Weakening induced by phase nucleation: from experiments to numerical models

Metamorphic transformations are often associated with strain localization which can be observed in the field either as ductile zones, or brittle, and possibly seismogenic, structures. Deformation experiments in the laboratory not only replicate such features but also allow us to measure the associated weakening. In all these contexts, reaction overstepping and disequilibrium metamorphism appear to be the rule. Reaction rates are usually very fast once transformation initiates, in particular within highly stressed and strained volumes where the produced mechanical work is sufficient to overcome kinetic barriers. New very fine-grained and dense phases nucleate in conditions where mineral growth is impeded. Understanding how heterogeneous nucleation, along with changes in density and viscosity, affects the rock's strength during a metamorphic transformation appears therefore critical.

In that prospect, results of a 2D numerical study in which reaction products preferentially nucleate in areas of high strain energy are presented. Special attention is given to the weakening or hardening effects induced by these transformations, as well as to the deformation patterns within the model. Results of our numerical study are then discussed in the light of experimental data obtained at comparable pressure-temperature-strain rate conditions.

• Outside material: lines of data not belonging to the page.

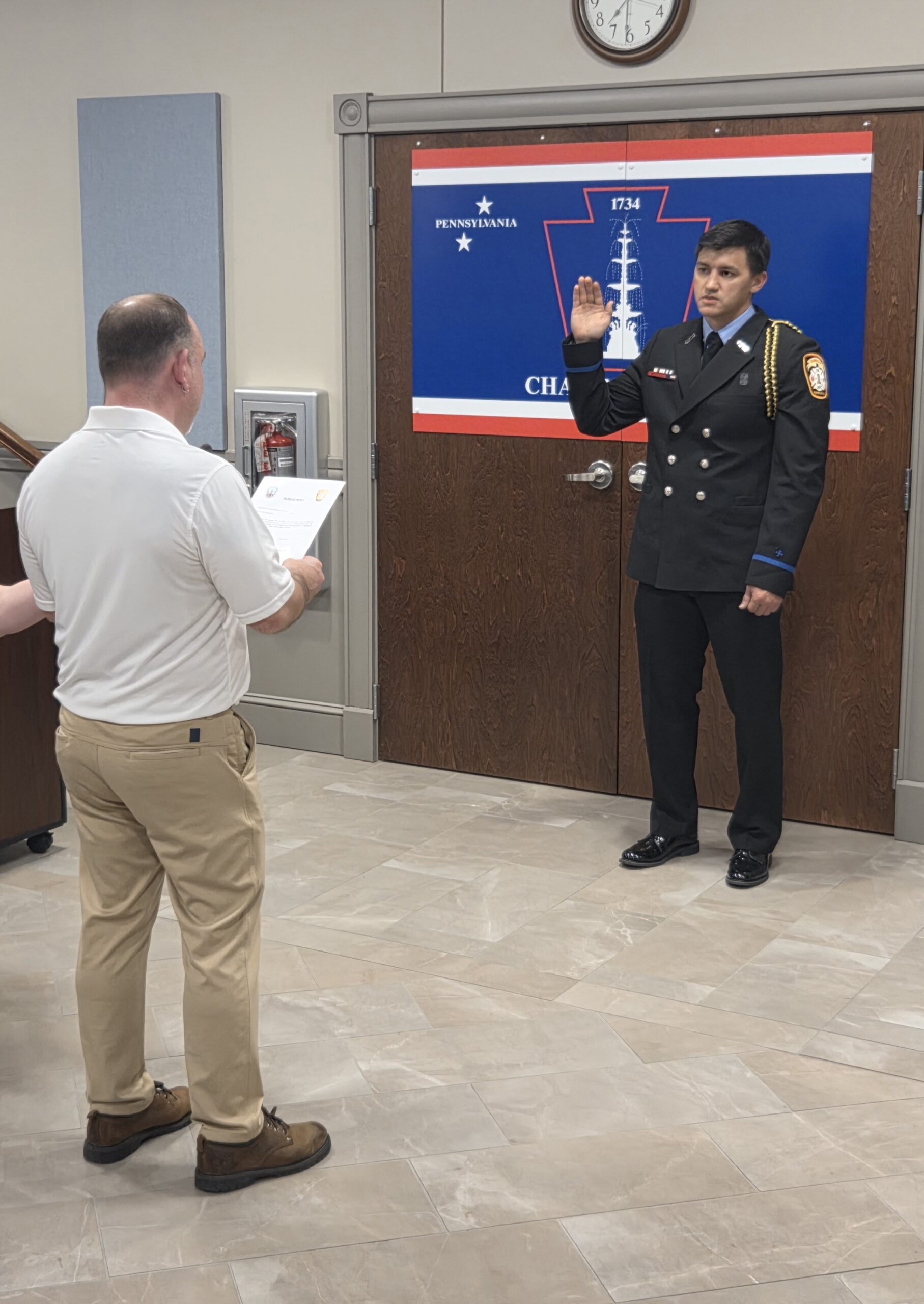 This evening, during the Borough Council meeting, Chambersburg Fire Department members were on hand to introduce FF/EMT Anthony Chen as the recommended candidate for the promotion to Fire Captain. The Borough Council unanimously approved the promotion, and after being sworn in, he officially became the new Captain of D Shift. Captain Chen was pinned during the meeting by his daughter.
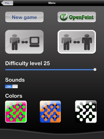 Love the contrasting colors! Makes it easier to see where I should play or where to block the other color. I wish there were levels that slowly increase difficulty instead of manually changing the difficulty. An option to pick the 2 colors
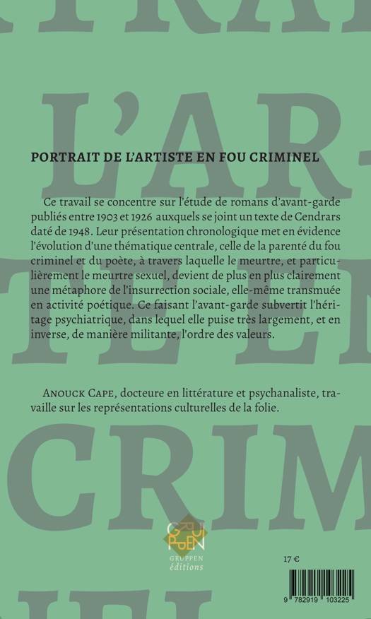 Ce travail se concentre sur l'étude de romans d'avant-garde publiés entre 1903 et 1926 auxquels se joint un texte de Cendrars daté de 1948 . Leur présentation chronologique met en évidence l'évolution d'une thématique centrale, celle de la parenté du fou criminel et du poète, à travers laquelle le meurtre, et particulièrement le meurtre sexuel, devient de plus en plus clairement une métaphore de l'insurrection sociale, elle-même transmuée en activité poétique. Ce faisant l'avant-garde subvertit l'héritage psychiatrique, dans lequel elle puise très largement, et en inverse, de manière militante, l'ordre des valeurs. Pour mieux comprendre tout le sens de ce renversement, il convient de rappeler les conflits qui opposèrent, à la fin du XIXe siècle, littérature et médecine mentale au moment où la théorie de la dégénérescence a envahi le champ de l'aliénisme.
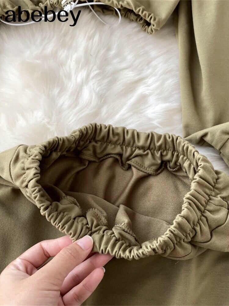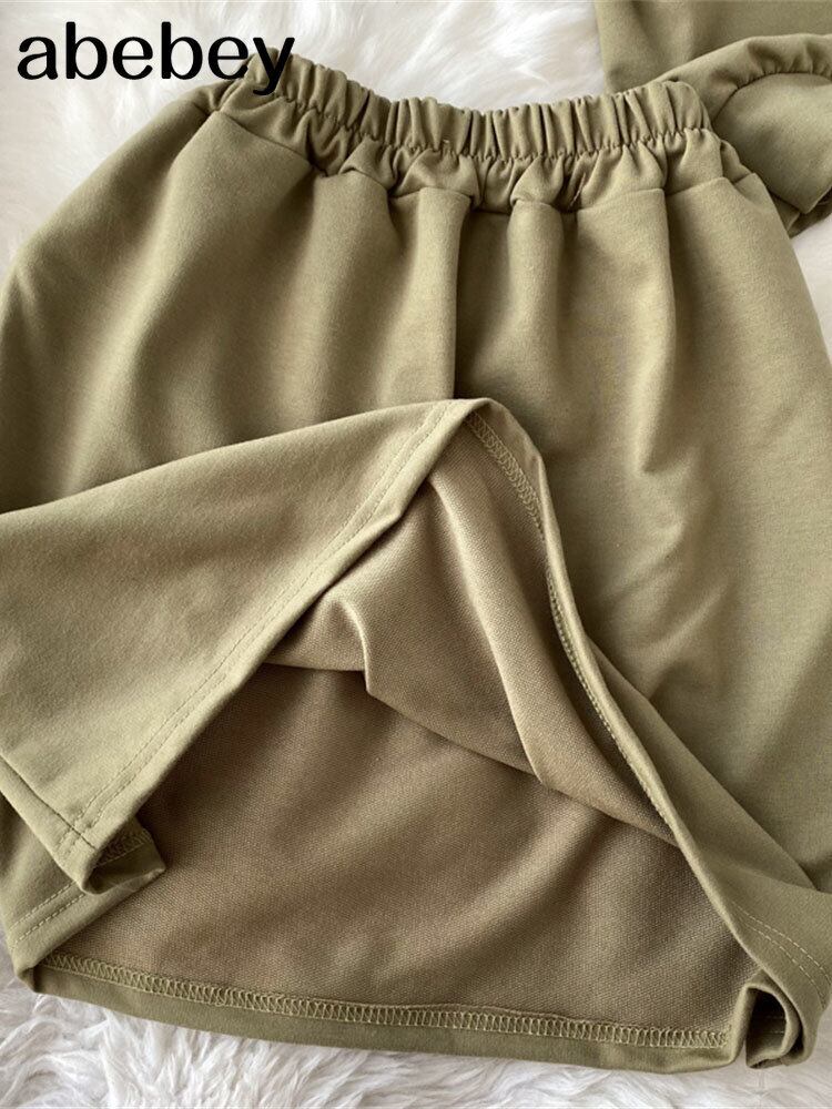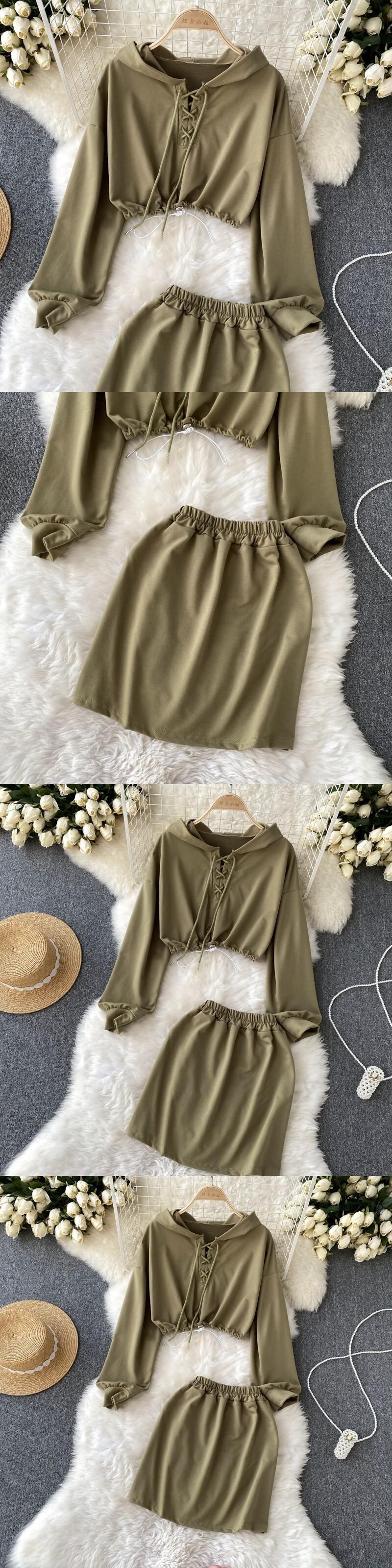 黒 2022 女性のスポーツウェア長袖無地パーカースウェットシャツ春秋プルオーバースウェットシャツスカート 2 点セット ロング ブラック スプリング 春物 オータム 秋物 ソリッドカラー Abe48890713443
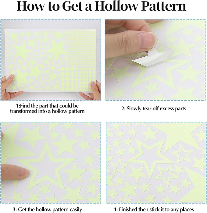 - Nice Stars Set,Easy to Use: The glow in the dark moon and stars set is easy to use,just need peel from the sheets and stick to anywhere you like,these stars will bring magically decorations to any places

We show that rock weakening is not only linked to the strength of the reaction products. Indeed, (1) densification alone can generate sufficient stress to induce plastic yielding of the surrounding matrix, even when the nuclei are stronger, and (2) heterogeneous nucleation controlled by mechanical work has greater influence on the rock’s strength than the intrinsic properties of the reaction products. Weakening is primarily driven by the initiation and propagation of plastic shear bands between the closely spaced nuclei that generate significant stress concentration in their vicinity. This study highlights the importance of transformational weakening that results from fast heterogeneous nucleation in rocks close to their brittle-ductile transition.